We can’t underestimate the significance of investing in this area since it is a fast-growing sector in the region with many opportunities because of well recognised global events such as Dubai Expo 2020 and the booming events, exhibitions and conferences sector. Besides that, Cayan Group will continue to spin its development wheel and seek expansion and penetration opportunities in 2017.

Samer Halabi, Regional MD, KONE Middle East

The start of 2017 will be in line with 2016. However, there seems to be encouraging signs appearing towards the second half of the year in a couple of countries which will have some positive impact on the whole year of 2017. The biggest challenge this year is obviously the cash flow required to keep the business engine running.  It is important to carefully manage the running costs in order to pass the challenging period.

In each country there are different sectors that could provide good opportunities. Obviously those are related to the well-known events such as the Expo 2020 in Dubai, the World Cup 2022 in Qatar and other events and demands happening in different countries in the region.

Creativity is a key differentiator in the coming year. Sustainability and quality is a key success factor for the future.

Ashraf Samy Botros, MD of Al Shafar United Electro Mechanical Engineering (ASU)

Expo 2020 is the most important catalyst for growth over the next three years. Considering the large scale investment in infrastructure, we can say that construction will be providing the best opportunities in 2017.  Big MEP projects awarded to ASU recently are Dubai Arena (Meraas), Mohammed Bin Rashid Library (Dubai Municipality), Refurbishment of Dubai International Terminal 1, Halls C&D (Dubai Aviation Engineering Project Corporation), Boulevard Point (Emaar) and Mediclinic Parkview Hospital (Mediclinic Middle East).
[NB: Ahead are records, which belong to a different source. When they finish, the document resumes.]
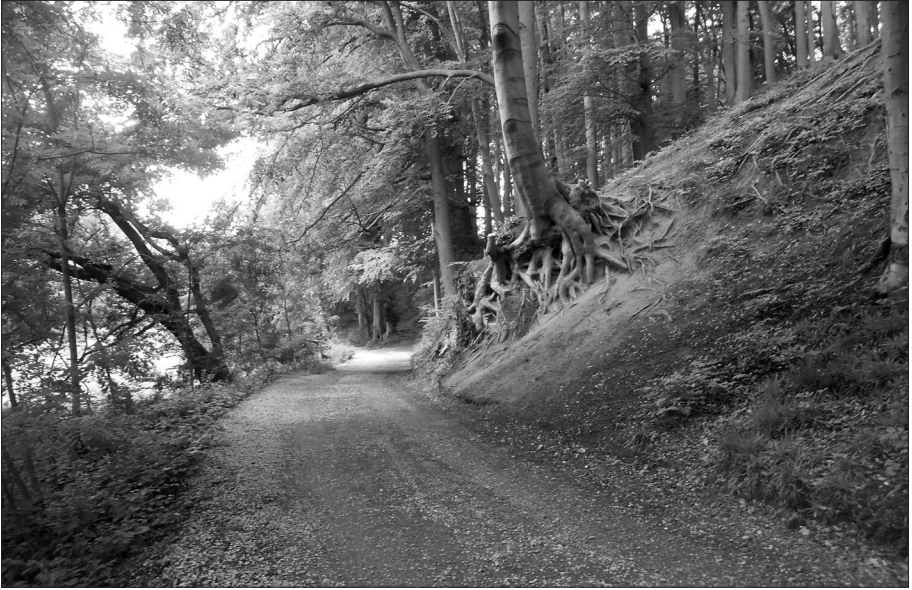
Weg am Fuße eines Hainsimsen-Buchenwalds zwischen Haus Morp und Papendelle

1992 wurde hier Landwirtschaft betrieben. Heute sind Stall und Scheunen zu Wohn- und gewerblichen Räumen umgestaltet. Trotz dieser modernen Veränderungen bietet Haus Morp zusammen mit einer großen Trauerweide immer noch einen schönen Anblick.
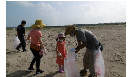
金石海岸清掃活動
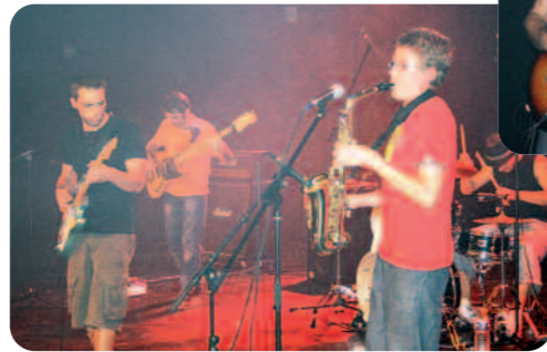
Le groupe Propper Mouche.
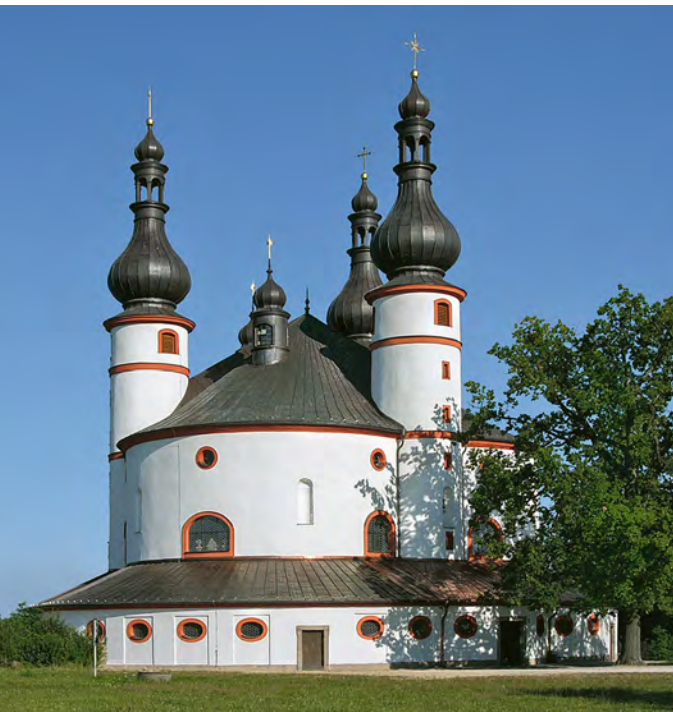
Dílem Geoga Dientzenhofera v rámci velké zakázky v bavorském Waldsassenu je i poutní kaple sv. Trojice. Připomeňme, že Georgovým polírem zde byl jeho mladší bratr Kryštof

1707 dokončil mladší bratr Johann. Z řady staveb v okolí připomeňme aspoň benediktinský klášter v Banzu a cisterciácký v Langheimu.
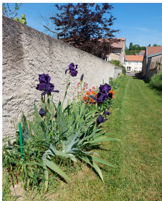
Sentier fleuri les ruelles
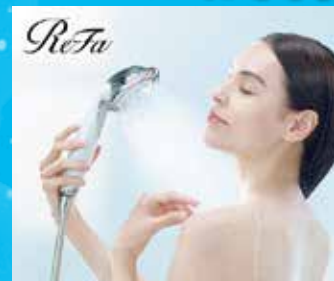
リファ ファインバブル ビューア
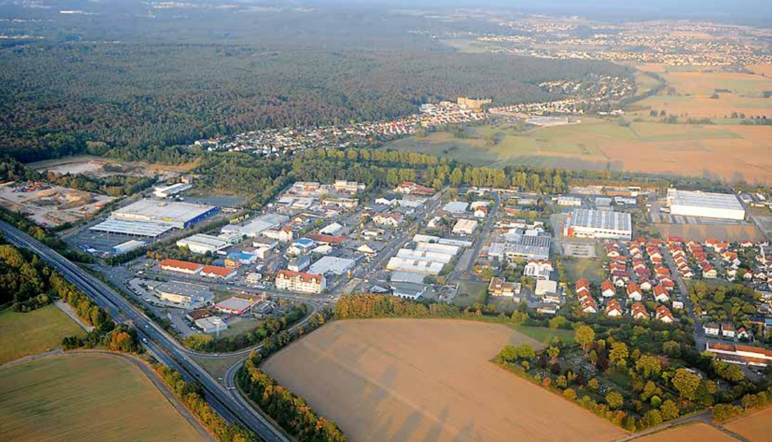
Luftaufnahme Gewerbegebiet Lücke bachtal an der A485, im Hintergrund Linden-Forst
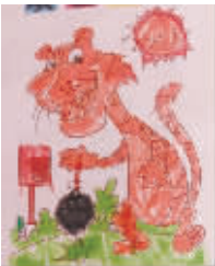
小记者:胡智勇 编号:161647 学校:周口文昌小学四(5)班
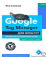
«Google Tag Manager для Google Analytics» от Якова Осипенкова
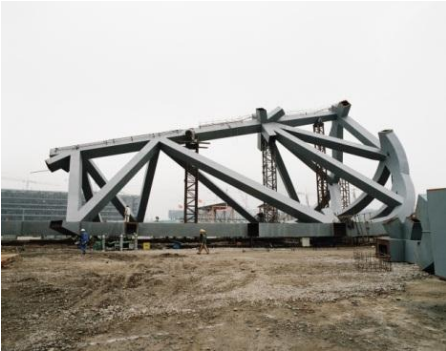
Fotografías del Estadio Nacional, 2014 Estadio Nacional núm. 2 (4-4-2006)
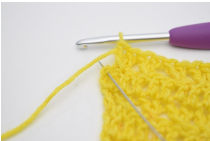
11. 1 Stb in die letzte M häkeln.
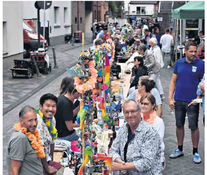
Der Versuch eines Fotos zum Längsten Tisch. Im Vordergrund der spätere Sieger für die schönste Deko: Nachbarn aus dem Rebhuhnfeld mit dem Motto Hawaii.

auch ein reger Besuchsverkehr von dem einen zum anderen Tische erforderlich wurde. Tisch 2 von Anwohnern aus dem neuen Wohngebiet Rebhuhnfeld und dem Motto Hawaii siegte mit deutlichem Abstand. Eine solche Entwicklung hat sich der Ortsausschuss mit der Idee Längster Tisch gewünscht. Wolfgang Prause, Vorsitzender des Ortsausschusses: „Wir wollen die Mendener Bürgerinnen und Bürger zwanglos zusammenbringen. Dabei haben wir noch Luft nach oben. Wir hatten 30 Bierzeltgarnituren geordert, die leider nicht alle besetzt wurden. Aber wir hoffen auf die entsprechende Mundpropaganda, dass wir auch neue Freunde für diese Veranstaltung finden.“ Kurios und zugleich nachdenklich stimmend war der Tisch der Prinzen- und Prinzenpaare seit 1952 zur Ansicht aus. Die üppige Fotosammlung ist mit Schließung der Gaststätte zur Goldenen Ecke in Menden heimatlos geworden und privat eingelagert. Geeignete Wand gesucht.
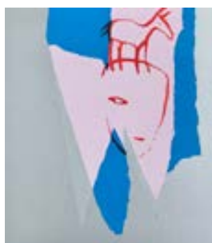
44 Hode med hest
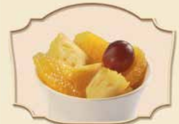
COUPELLE DE FRUITS FRAIS (SANS SUCRE AJOUTÉ) FRESH FRUIT CUP (NO ADDED SUGAR)
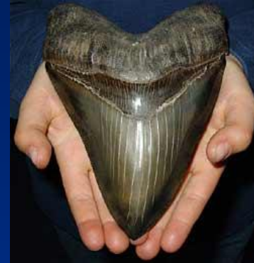
Ископаемый зуб мегалодона
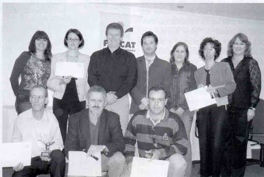
Vencedores com representantes da Faccat na solenidade de premiação
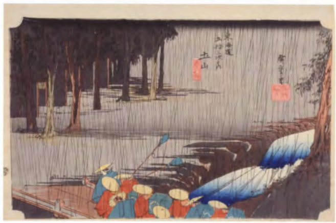
購入 2 保永堂板 東海道五十三次 土山 歌川広重画
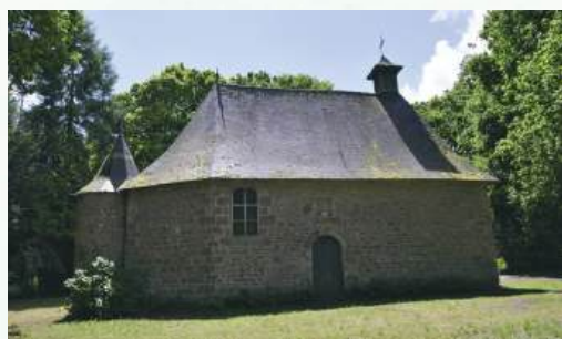
Chapelle de Malaunay

Non fréquenté car entièrement privé, seul le bruit des éoliennes récemment implantées vient troubler le silence un peu pesant de cette sombre sapinière.
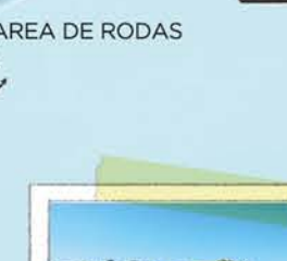
AREA DE RODAS
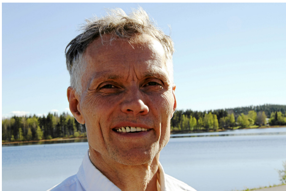
Kent Billebro har många planer gällande Ramsjö camping och Folkets hus.

Dan och Iwona Jönsson har renoverat och drivit camping och Folkets hus sedan 2010. Men när orken började ta slut bestämde de sig för att sälja.
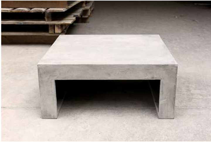
TABLE BASSE CARREE BETON
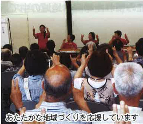
あたたかな地域づくりを応援しています
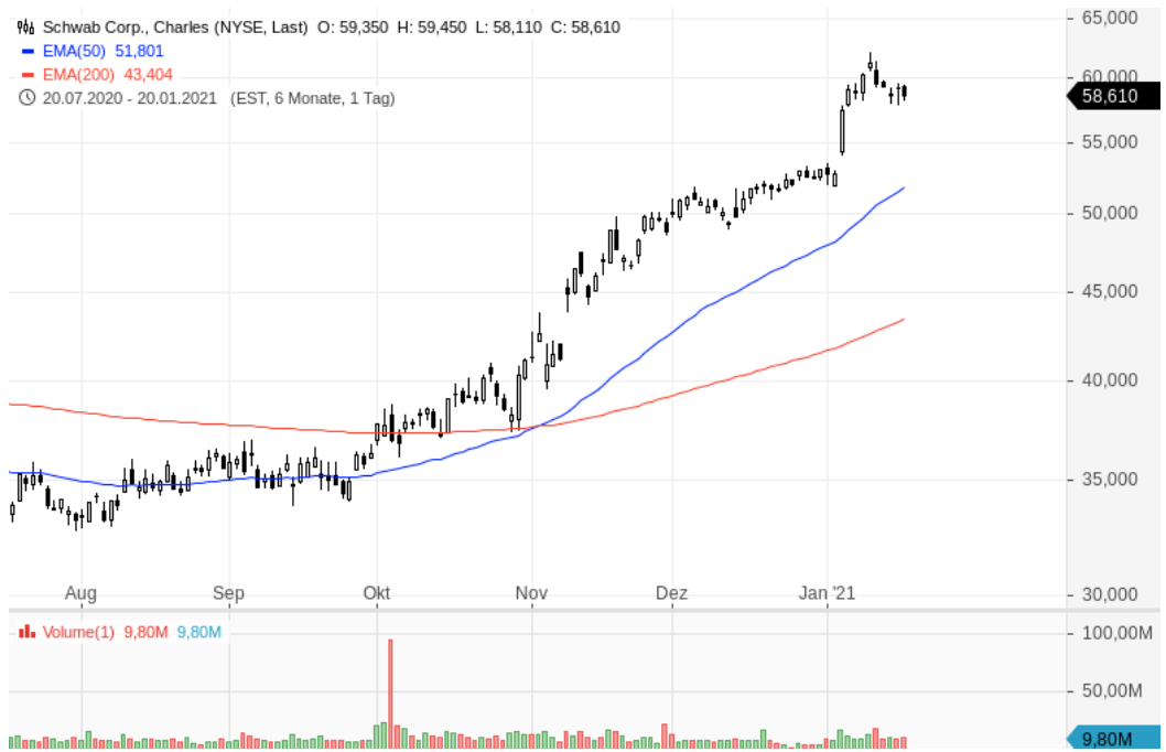
Aktien von Charles Schwab Corp.
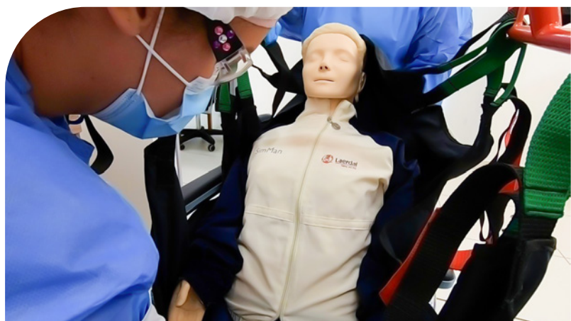
Manejo y traslado de paciente

Con este importante recurso formativo, único en la región, la Universidad de Boyacá sigue siendo pionera en la implementación de tecnologías educativas dispuestas para el fortalecimiento de la docencia, la investigación y la extensión, garantizando así el compromiso institucional con la alta calidad formativa y el desarrollo social.
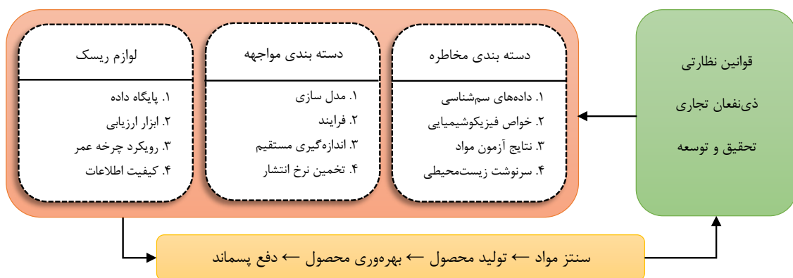
شکل ۴: ساختار پیشنهادی یک چارچوب جامع برای مدیریت ریسک نانومواد مهندسی شده

فرایند کلی توسعه یافته در مدیریت ریسک نانو مواد مهندسی شده در شکل (۳) بیان شده و در جدول (۱) چارچوب‌ها بر اساس رویکرد ارزیابی ریسک، دیدگاه چرخه عمر، مجهز بودن به پایگاه داده‌ها و توسعه ابزارهای ارزیابی در بستر خود و بررسی شدند. رویکرد ارزیابی ریسک به روشی اشاره دارد که برای ارزیابی خطرات بالقوه و مواجهه با نانو مواد و اثرات آن‌ها بر سلامت انسان و محیط‌زیست به سه صورت کمی، نیمه کمی و کیفی مورد استفاده قرار می‌گیرد (۲۴، ۳۸). ارزیابی چرخه عمر تکنیکی است که جنبه‌های زیست‌محیطی و اثرات بالقوه یک محصول را در طول چرخه عمر آن، از استخراج مواد خام تا دفع، در نظر می‌گیرد (۱۵). در پایگاه داده یک چارچوب یا ابزار، اطلاعات مربوط به نانو مواد مانند
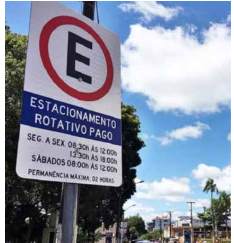
O estacionamento rotativo custa R$ 3,40 a hora/carros e R$ 2 a hora/motos, com a possibilidade de fracionamento para menos
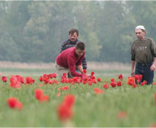
Veel gastarbeiders werken in de tuinbouw

Toen in de jaren negentig al deze stromen langzaam opdroogden, kwam er een nieuwe immigratie op gang. Asielzoekers uit een groot aantal landen in Azië en Afrika zochten om redenen van persoonlijke veiligheid en economische vooruitzichten, toegang tot Europa. Nederland was met zijn betrekkelijk ruimhartige asielbeleid toen een populair vestigingsland. In de jaren negentig kreeg ons land per duizend inwoners ruim twee keer zoveel asielverzoeken te verwerken als de toenmalige Europese Unie in haar geheel. Daarnaast kregen de Turkse en Marokkaanse immigratie een nieuwe impuls. Want hier geboren of opgegroeide jongeren trouwden met een partner in het land van herkomst en lieten die vervolgens naar Nederland komen.
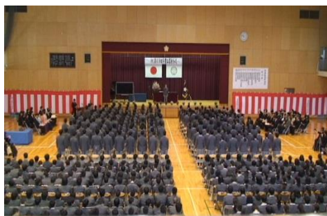
厳粛な空気に包まれた卒業式会場

※参考 山口地区の卒業生：小学校 272 名 中学校 350 名 同新入生：小学校 277 名 中学校 340 名
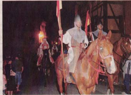
Un cavalier qui surgit hors de la nuit... au cortège nocturne des Médiévales, fort apprécié.
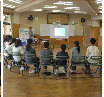
▲認知症サポーター養成講座
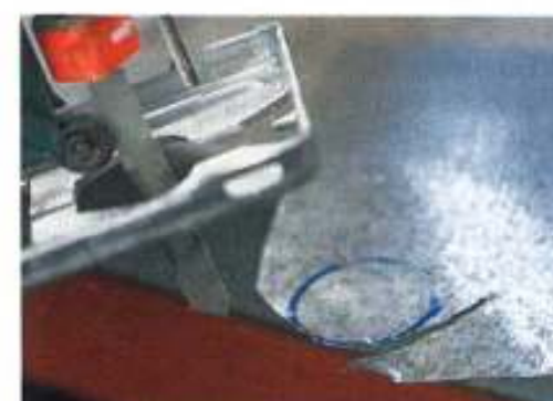
...unseren Musterkreis bekommt sie noch beinahe zufriedenstellend hin
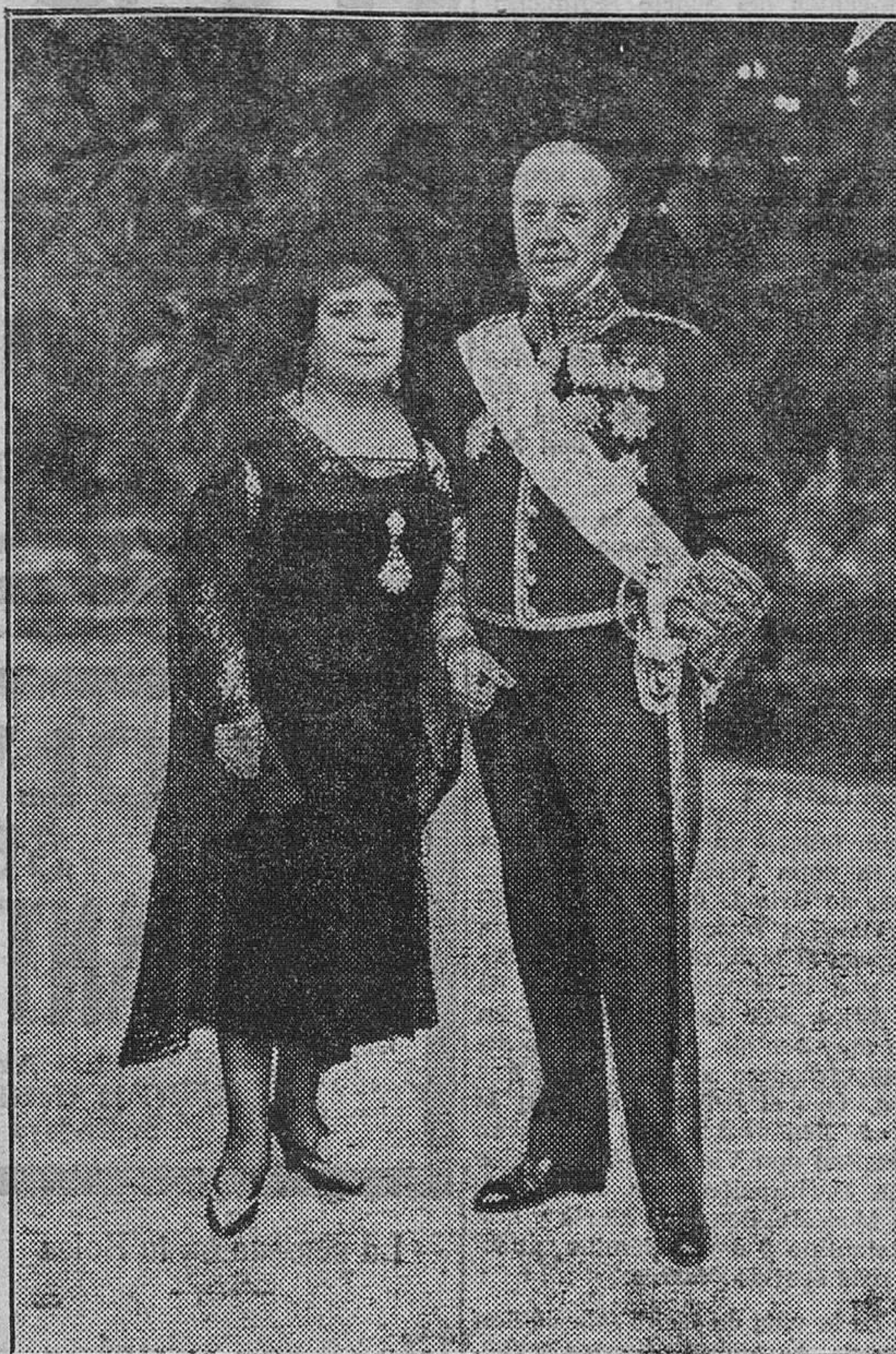
Los señores condes de Ampudia, que contrajeron matrimonio el viernes en la capilla del castillo-palacio de la señora condesa de Ripalda
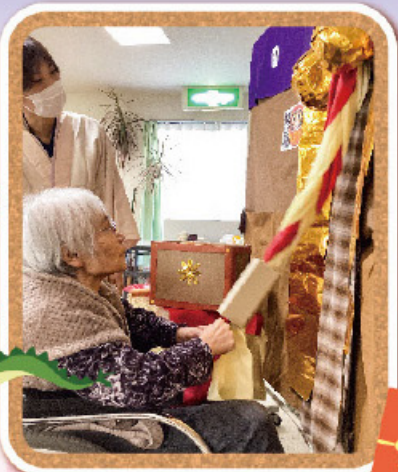
健康でありますように
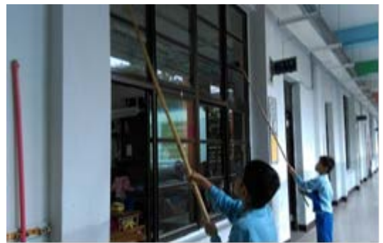
說明：校園環境打掃工作
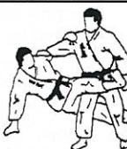
Dubbele been schaar Kami basami
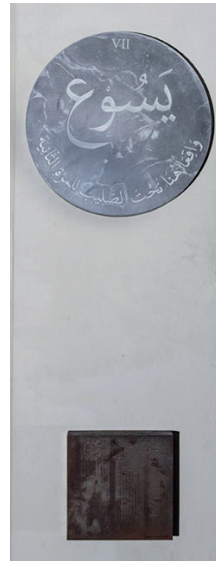
Figure 3 Emily Jacir, Via Crucis . 2016. Station VII: Jesus falls the second time

tile of azure glass blown in Venice recalls the colour of Mary’s veil in western iconography. The semi-circle begins with the rusty “keys from Palestinian homes” and ends with a tile of rusty iron in Station VII: Jesus falls for the second time . A slab of rusty iron. Political prisoners, children prisoners. Prisoners [fig. 3]. The caption in the catalogue reads: “iron always rusts” (Jacir 2016, 53).
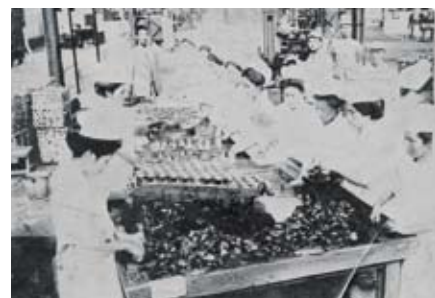
「工場内肉詰め作業」

広島市郷土資料館は、もともと明治44年に宇品陸軍糧秣支廠(陸軍用の食料を集めたり、作ったりする施設)の缶詰工場として建設されました。洋風の赤レンガ造りの美しい外観は、当時としては洋風建築を代表する建物でした。
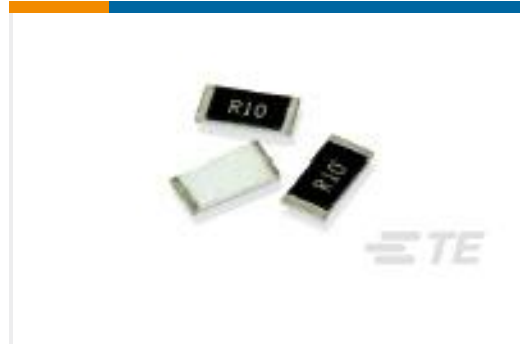
TE 产品编号2176049-4 RLP73M 1E R068 1% 1K RL
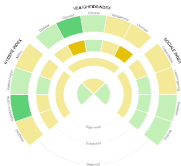
Wijkprofiel Oude Noorden 2016
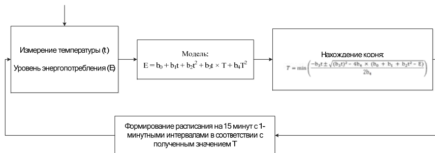
Рис. 3 – Схема формирования расписания работы устройства

Для проведения третьего эксперимента была применена модель энергопотребления, полученная по результатам второго эксперимента. Для управления параметрами работы тепловентилятора был использован разработанный механизм.

Green building and Building Information Modelling (BIM) will be the key trends for the coming years. The benefits of Green Building are manifold, and may be categorised along three fronts: environmental, economic, and social. BIM will deliver benefits throughout the building project lifecycle. In our field it will make better design decisions, build more efficiently, and manage and maintain building portfolios more effectively. Our biggest challenge for 2017 is to be one of the best MEP companies in the UAE.